Algunos quizás habrán oído que hay alrededor de 2.3 millones de personas tras las rejas, pero esa cifra solo cuenta parte de la historia. Sí, en una variedad impresionante de 1,719 prisiones estatales, 102 prisiones federales, 901 correccionales juveniles, 3,163 cárceles locales y 76 cárceles del territorio indio, así como en prisiones militares, instalaciones de detención inmigratoria, centros de compromiso civil y prisiones en los territorios de EE UU, contenemos físicamente más seres humanos que cualquier otro país del mundo. Además de aquellos ya encerrados, hay otros 840,000 estadounidenses supervisados en libertad condicional y otros 3.7 millones de personas que son monitoreados en libertad bajo caución.

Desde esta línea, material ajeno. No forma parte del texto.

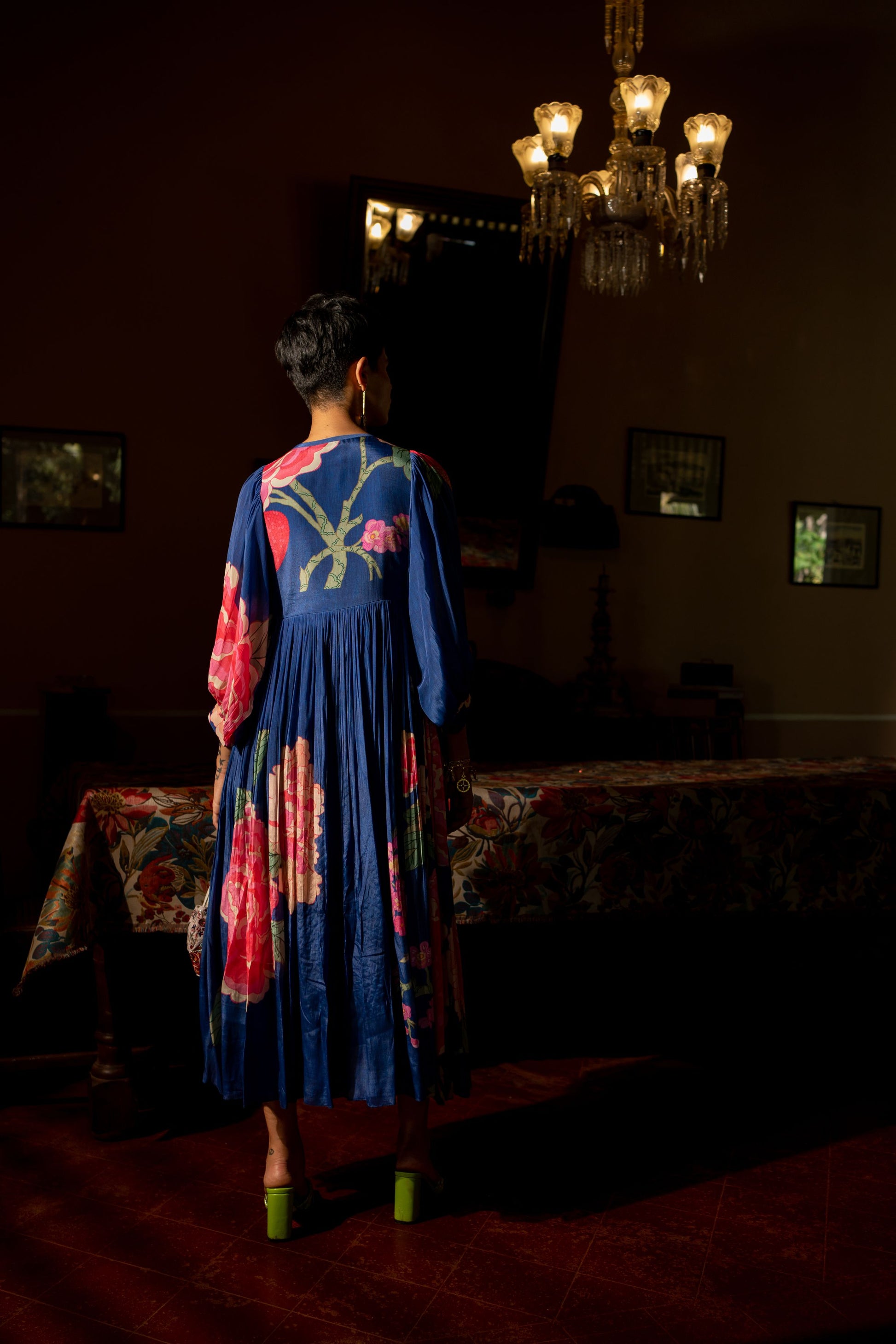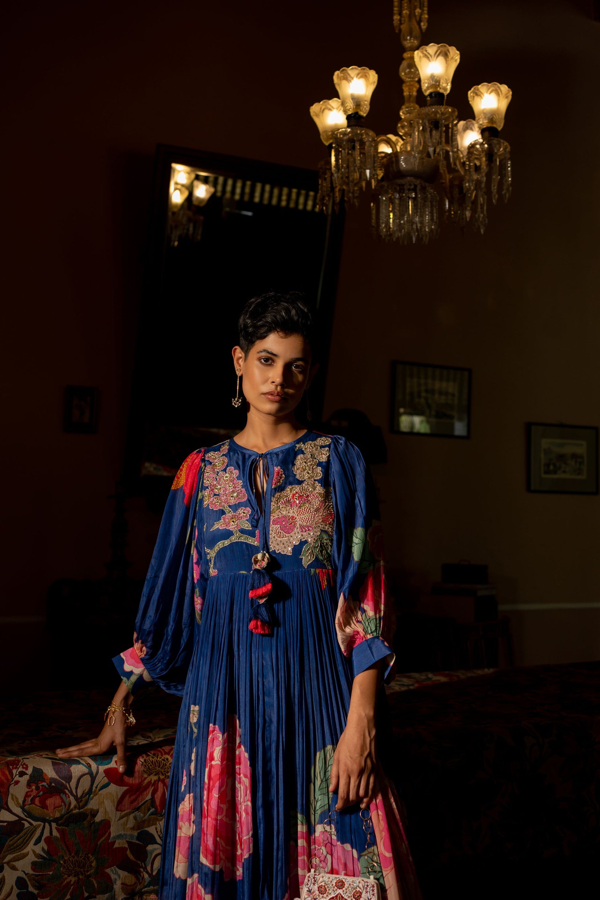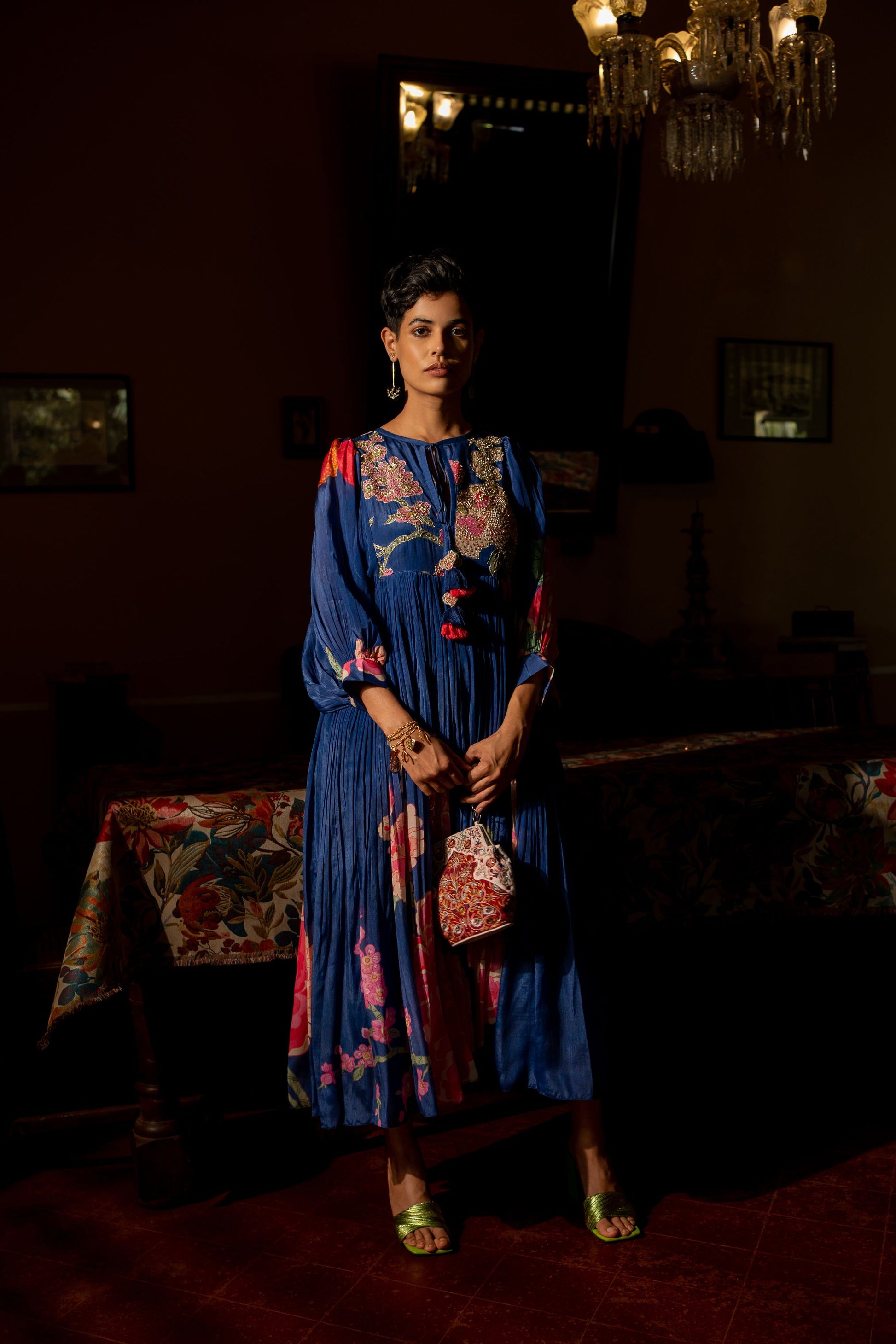 Crafted In A Beautiful Hue Of Blue, Blooming Maxi Dress Based On Crepe Features A Drawstring Tie-Up On The Neck With Tassel And Cowrie Shell Details. It Is Hand-Highlighted Using Mono-Colour Sequins And Mirror Details With Delicate Pleats.
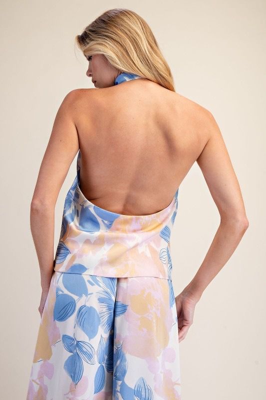 A halter top with draping back. Wear with matching trousers or your favorite jeans.
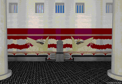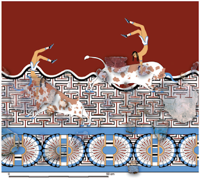 Μεταξύ των διακοσμητικών στοιχείων των τοιχογραφιών περιλαμβάνονται σκηνές με αναπηδώντες ταύρους καθώς και ταυρομαχίες εν συνδυασμώ με τον λαβύρινθο και τον ήμι - ρόδακα (Εικ. 2.5). Πιθανώς ως συνέχεια αυτών των σκηνών υπάρχουν παραστάσεις με ακροβάτες που περπατούν με τα χέρια επί του δαπέδου μέσα σε περιβάλλον φοινικοδένδρων, ένας νέος διέρχεται από σπίτια σε αγώνα δρόμου, και στην ίδια ζωφόρο άνδρας ενδεδυμένος με μακρύ ένδυμα, ίσως ιερέας, στέκεται μπροστά στην ίδια όψη. Υπάρχουν επίσης θραύσματα από πλήρεις μορφές, όπως γενειοφόροι άνδρες. Μεταξύ των ανακατασκευασμένων ζωφόρων ευρίσκουμε επίσης λέοντες που κυνηγούν οπληφόρα ζώα και λεοπαρδάλεις να καταδιώκουν ελάφια. Στην ανώτερη τάξη των αρπακτικών ευρίσκουμε έναν γρύπα. Υπάρχουν επίσης παραστάσεις όπου κυνηγοί με σκύλους επιτίθενται σε άγρια ζώα, παραπέμπουσες σε σκηνές από την αγία Ειρήνη Κέας. [15][16] Οι σκηνές είναι ενσωματωμένες στη φύση, που περιλαμβάνει πέτρες και βράχους, βότσαλα ποταμών και υποβαθμισμένη βλάστηση. Αυτές οι αναπαραστάσεις θα μπορούσαν να έχουν τοποθετηθεί στην αίθουσα όπου το διάζωμα με την ταυρομαχία, ως ένδειξη της ιεραρχίας που υφίσταται στην φύση, σύμφωνα με την ιδεολογία της Μινωικής κοινωνίας. Όλα τα εμβλήματα και τα χαρακτηριστικά είναι σαφώς Μινωικά. Δεν υπάρχει τίποτα Αιγυπτιακό σε αυτά. Τα μόνα εικονογραφικά χαρακτηριστικά που παραπέμπουν στην εξουσία είναι Μινωικά ανακτορικά εμβλήματα, τα οποία φαίνεται να προέρχονται από το ανάκτορο Κνωσού άμεσα ...
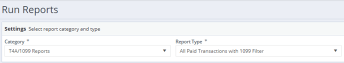 Step 3: Select All Paid Transactions with 1099 Filter OR All Paid Transactions with 1099 Filter (Cross Projects) from the Report Type drop-down menu.
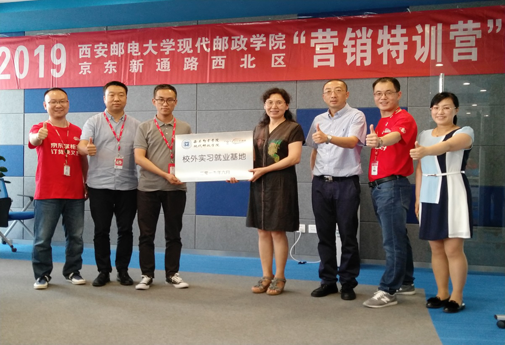 本网讯 (通讯员 李莹)6月10日,现代邮政学院京东校外实习就业基地揭牌仪式在西安京东大厦举行。京东新通路西北区总经理陈飞、陕西省区域经理郭栋梁、人力资源部经理周宇峰、终端管理部市场总监陈骁、现代邮政学院院长薛蓉娜、党总支书记郭琪及师生代表70余人参加揭牌仪式。
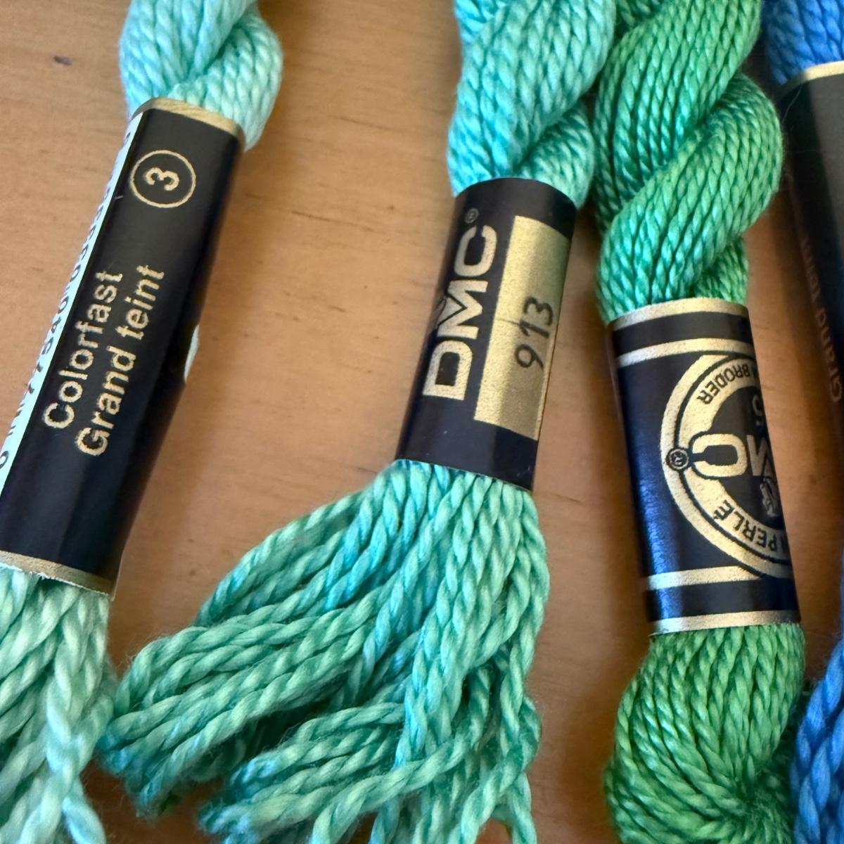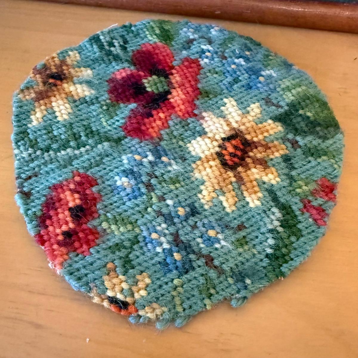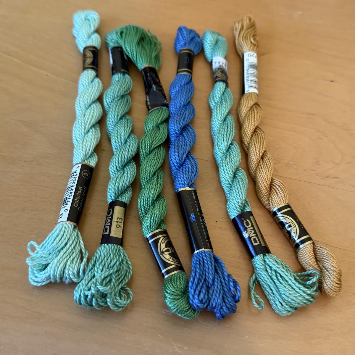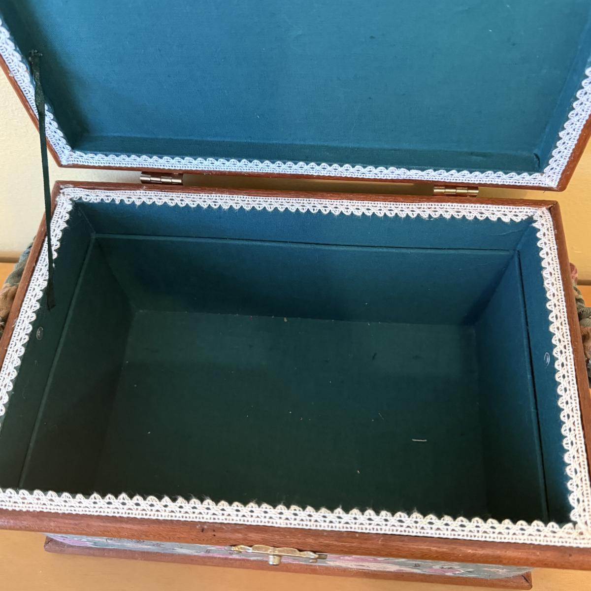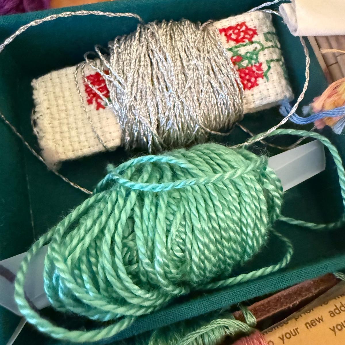 Over 45 unused or barely used skeins of embroidery floss from J & P Coates, DMC, and Lily Mills (Shelby, NC made). Also, a good handful of skeins are included that have some floss used from them. Two wooden embroidery hoops are 6”D and 7”D. A wood and cushioned fabric sewing basket is included as well; it is 11.5” x 7.5” x 6”H. A small blemish is seen in the wood on the back of the sewing basket.

Considere esto: la ciudad más poblada del mundo, Tokio, y el estado más poblado de EE UU, California, tienen menos residentes en conjunto que los más de 100 millones de ciudadanos estadounidenses quienes ahora tienen antecedentes penales.
Igual de importante es que estos índices de contención sin precedentes históricos, y el estigma hondo de un antecedente penal, no se experimentan por igual en este país. La crisis carcelaria de EE UU la han sufrido tremenda y desproporcionalmente las comunidades de color.
Que tantísimos sean dichosamente ignorantes de cuánta gente es, o ha sido, sujeta a contención o control, quizás, no sorprende. Las prisiones se construyen para estar fuera de la vista y, por lo tanto, no se piense en ellas. De alguna manera, aun cuando estas instituciones contienen seres humanos, incluidos niños, e incluso aun cuando somos nosotros quienes apoquinamos los miles de millones de dólares que cuesta administrarlas, se espera que simplemente confiemos en que serán operadas de manera humana y que de hecho hacen más segura nuestra sociedad.
Como historiadora del crimen y castigo que ha estado dentro de las prisiones de EE UU y ha documentado abusos severos que se han dado dentro de ellas, sé que esta confianza no está garantizada. Ya es hora de que el público tenga acceso irrestricto a estas instituciones públicas para que puedan saber exactamente lo que sucede detrás de los muros carcelarios.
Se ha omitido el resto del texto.